Relatio-whaaaa?
So, I’ve realised. Its an odd thing when social conventions are incomprehensible in ones mind. When one THINKS that they are doing right in society, yet in fact they are doing wrong. Or percieved wrong depending on the individual. The way one was taught was initially incorrect in society and it has manifested into a further issue with said society. Only to be pointed out by members of said society to be a false inquest.
It is indeed a confusing thing when what you thought was the correct thing to do, was in fact the incorrect thing to do and your mind has the inability to comprehend this.

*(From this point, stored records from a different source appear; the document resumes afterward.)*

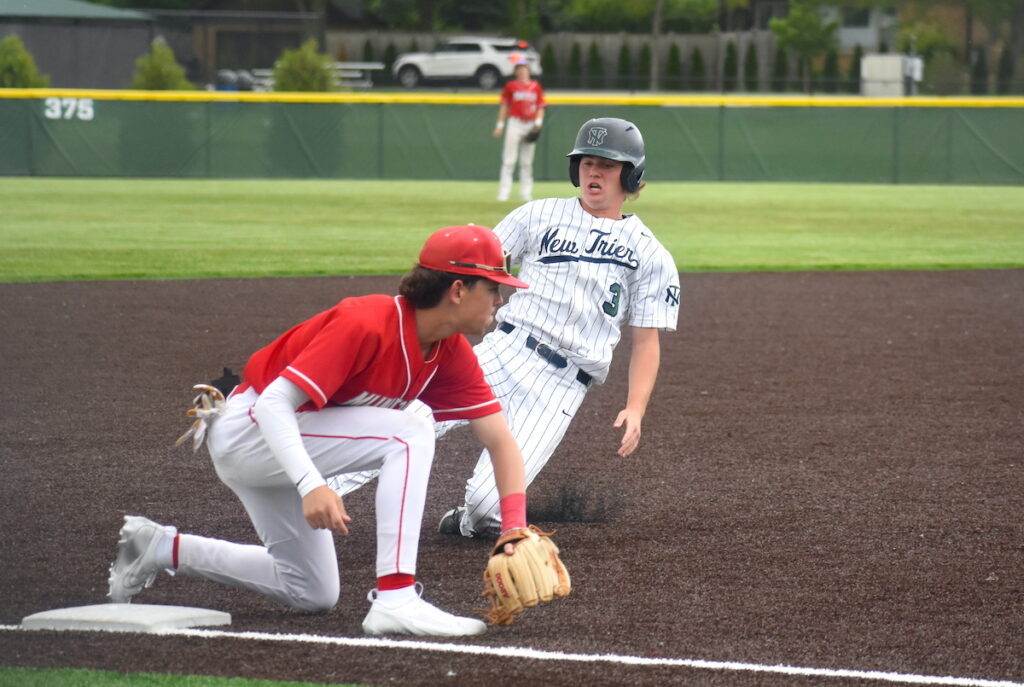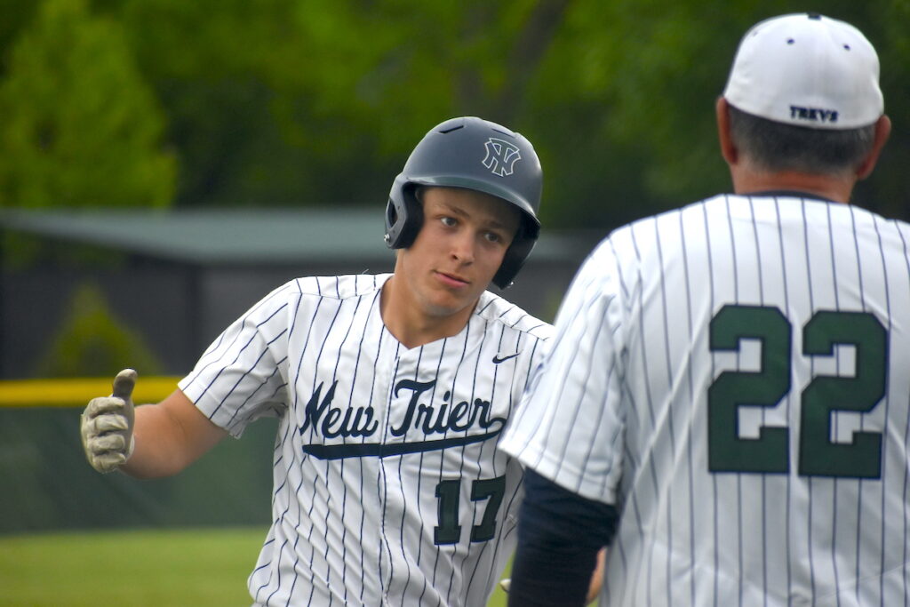 In the sixth inning, Trey Meyers’ run-scoring fielder’s choice scored Jake Bentivenga (2-for-2, 2B, RBI) for New Trier’s fifth run, an important tally as Mundelein’s rally fell just short in the seventh inning.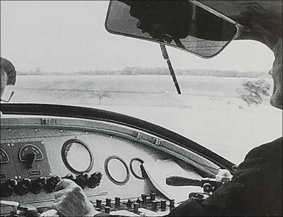 Cabine. Blik naar rechts, denkbeeldig naar de machinist.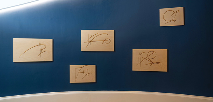 The commissioned work, Ode to justice, A balanced scale, and A people’s practice (pictured), invites reflection on the oath solicitors take, the emotional terrain they navigate and the ethical balance they strive to uphold. The pieces comprise text in stainless steel lettering, a banner and abstract line drawings etched into wood.

Today, it was my perception on relationships, love, sex and intimacy. And my lack thereof. I have always pitted myself as the unwanted, the unloveable, the ugly and the emotionally bleak. Yet is this the case? I had always perceived myself to never, in a million years get involved with anyone, not because I don’t want to, but because no one would want me.
Today, I came to the simple realisation. The only reason I feel this way is because throughout my rotations of 365.25 days I have had the firm belief that these things occur to everyone BUT me, to other people.

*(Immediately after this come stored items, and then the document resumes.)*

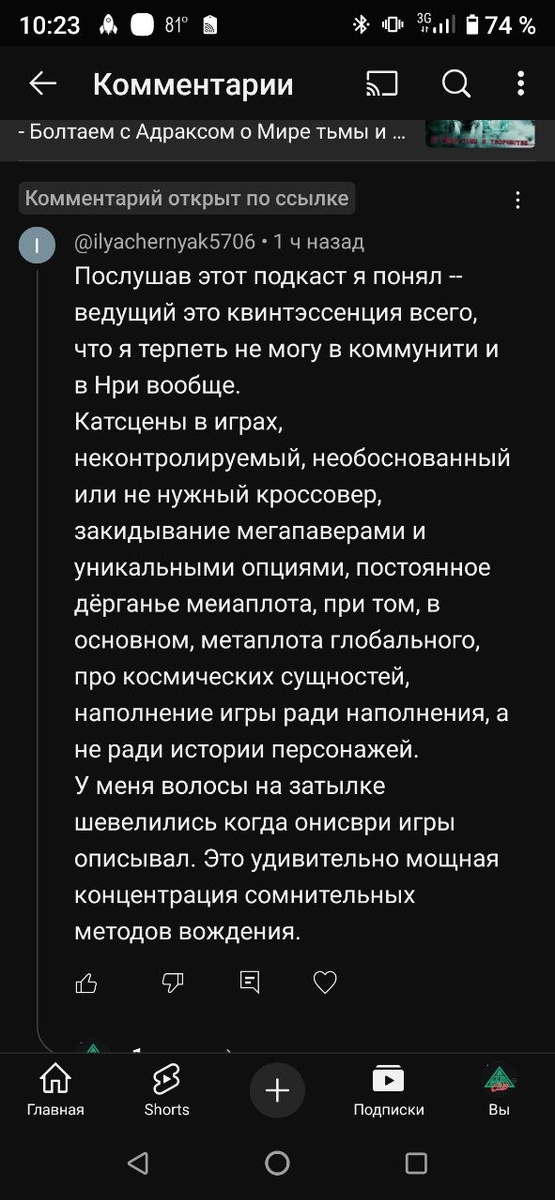 Прочитав этот комментарий я понял - комментатор квинтэссенция всего, что я терпеть не могу в комьюнити и в НРИ вообще. Вырывание из контекста, выдумки, возведение своего мнения в абсолют.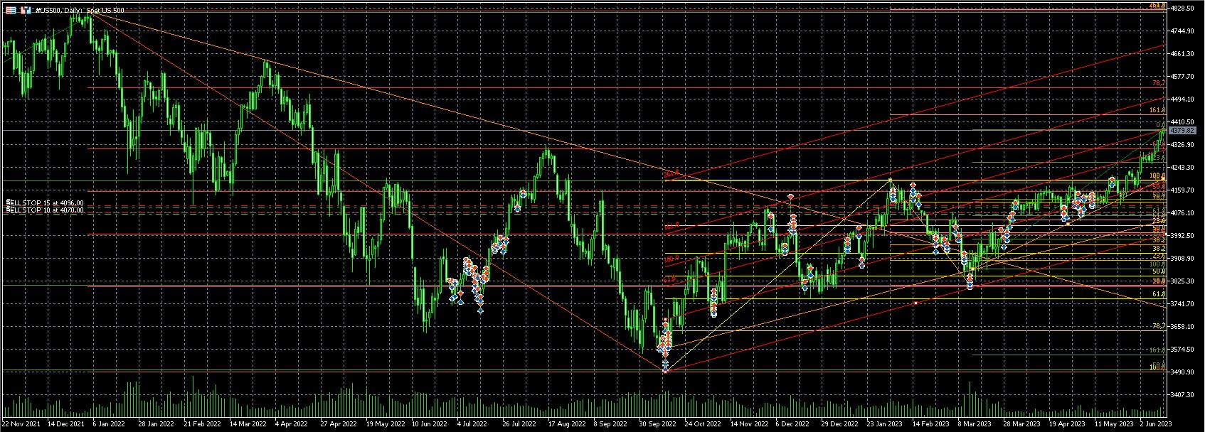 Hofheim am Taunus, 14.06.2023 – Die technische Analyse unseres US-amerikanischen Leitindex S&P 500 beschäftigt sich aktuell mit der Frage, bis zu welchem Kursniveau der aktuelle Aufwärtstrend noch laufen kann.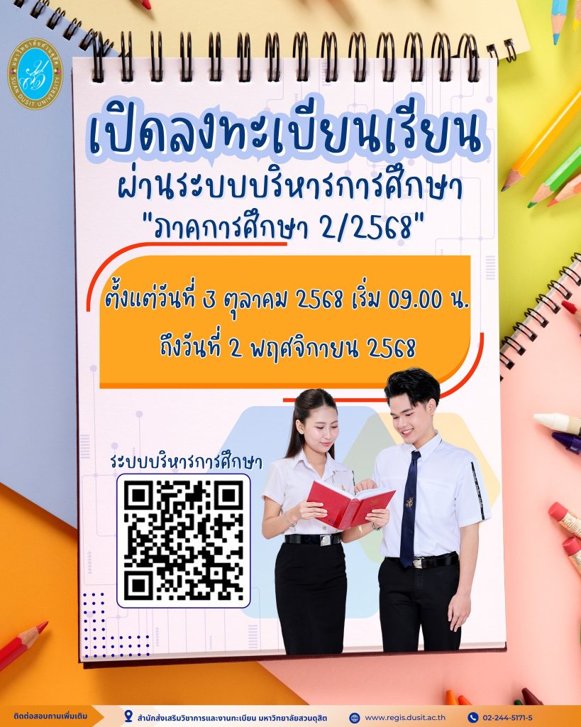 เปิดระบบลงทะเบียนเรียน ผ่านระบบบริหารการศึกษา ภาคการศึกษา 2/2568 ตั้งแต่ 3 ตุลาคม 2568 ถึง 2 พฤศจิกายน 2568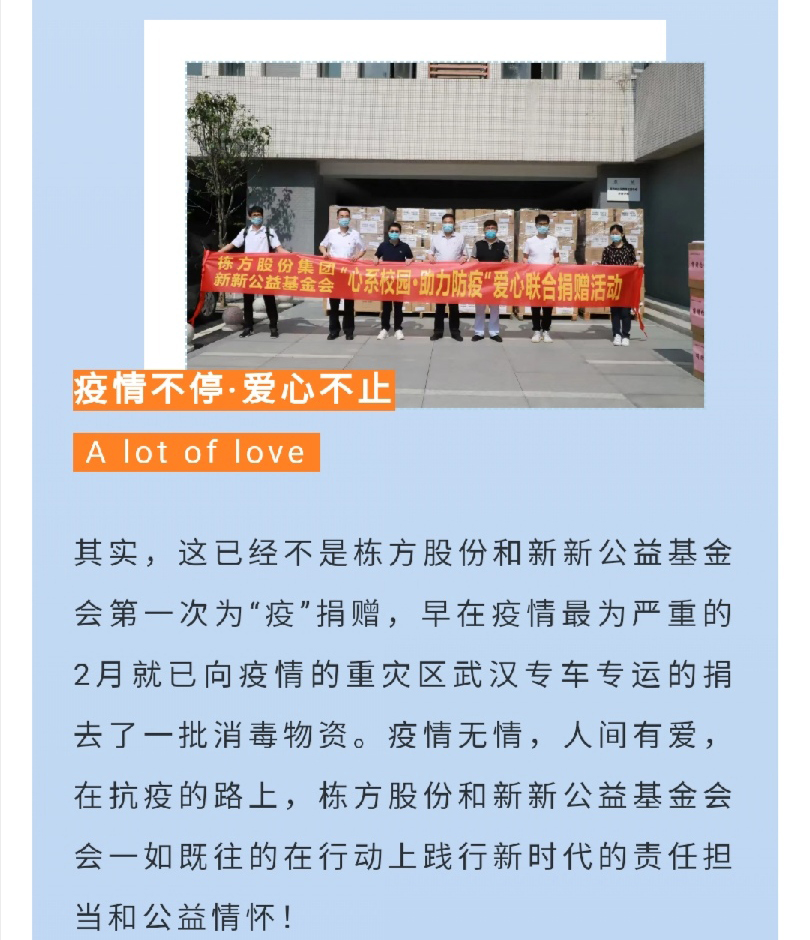 情暖校園丨棟方股份攜手新新公益基金會(huì)再度捐贈(zèng)防疫物資

“They’re just things that happen to other people…” simply said in my mind.
This is why I’ve had this belief.
And it is a negative thing indeed.
I am jordan, I am 18, a virgin and has never been in a relationship. Is it my fault? maybe. Is it yours? Maybe.
It wont change anytime soon… but at least I understand now

It’s no ones fault that you haven’t had a relationship yet. The right guy for you has simply not come round the corner yet. If you tell yourself you will not be able to have a relationship with a guy because of physical appearance or because a relationship will never happen to you, are footsteps down the road of not having a relationship.
Like I’ve told you before you need to move. Expose yourself to more people, you’ll be surprised ar how many people will be drawn to you. And I was wrongnin skype, there is a lot of difference between the societies you and I live in. I apologise whole-heartedly for my mistake. But remember, good third come to those who wait…
all your blog posts are making me tear. it saddens me that you feel this way. if i were able to, i would give you the biggest hug humanly possible. no one deserves to feel this way. it may sound absurd, coming from some random internet person, but just know that i genuinely care about you.